● What is needed:
Scan the data below for lines holding the word "will", and copy each line found.

● Provided material:

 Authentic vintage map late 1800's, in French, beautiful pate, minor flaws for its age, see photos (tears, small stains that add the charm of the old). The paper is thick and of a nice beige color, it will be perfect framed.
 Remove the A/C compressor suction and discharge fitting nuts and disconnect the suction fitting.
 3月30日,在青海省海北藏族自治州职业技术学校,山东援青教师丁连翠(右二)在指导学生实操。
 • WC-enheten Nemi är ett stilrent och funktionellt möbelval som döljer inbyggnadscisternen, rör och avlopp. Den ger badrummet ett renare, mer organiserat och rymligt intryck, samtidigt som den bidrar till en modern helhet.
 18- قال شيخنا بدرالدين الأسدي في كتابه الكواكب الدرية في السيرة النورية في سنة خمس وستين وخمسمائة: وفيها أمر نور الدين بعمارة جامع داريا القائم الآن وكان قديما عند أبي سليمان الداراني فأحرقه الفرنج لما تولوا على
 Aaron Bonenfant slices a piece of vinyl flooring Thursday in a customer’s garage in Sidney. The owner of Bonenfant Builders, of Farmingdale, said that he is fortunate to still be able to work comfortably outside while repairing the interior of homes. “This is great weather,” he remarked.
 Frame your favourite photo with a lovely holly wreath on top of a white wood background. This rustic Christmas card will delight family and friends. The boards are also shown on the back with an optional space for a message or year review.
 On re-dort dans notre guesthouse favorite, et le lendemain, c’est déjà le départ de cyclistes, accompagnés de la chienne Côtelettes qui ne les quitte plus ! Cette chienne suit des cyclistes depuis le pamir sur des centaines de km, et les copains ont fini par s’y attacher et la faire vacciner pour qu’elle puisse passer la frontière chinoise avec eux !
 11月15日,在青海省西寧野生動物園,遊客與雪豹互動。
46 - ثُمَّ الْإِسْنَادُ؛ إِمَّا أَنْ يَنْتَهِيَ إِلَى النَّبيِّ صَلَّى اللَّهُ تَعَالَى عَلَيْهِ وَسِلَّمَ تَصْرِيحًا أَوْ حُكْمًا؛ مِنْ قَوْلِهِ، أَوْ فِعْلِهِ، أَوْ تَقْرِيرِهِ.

● Written answer:
 Authentic vintage map late 1800's, in French, beautiful pate, minor flaws for its age, see photos (tears, small stains that add the charm of the old). The paper is thick and of a nice beige color, it will be perfect framed.
 Frame your favourite photo with a lovely holly wreath on top of a white wood background. This rustic Christmas card will delight family and friends. The boards are also shown on the back with an optional space for a message or year review.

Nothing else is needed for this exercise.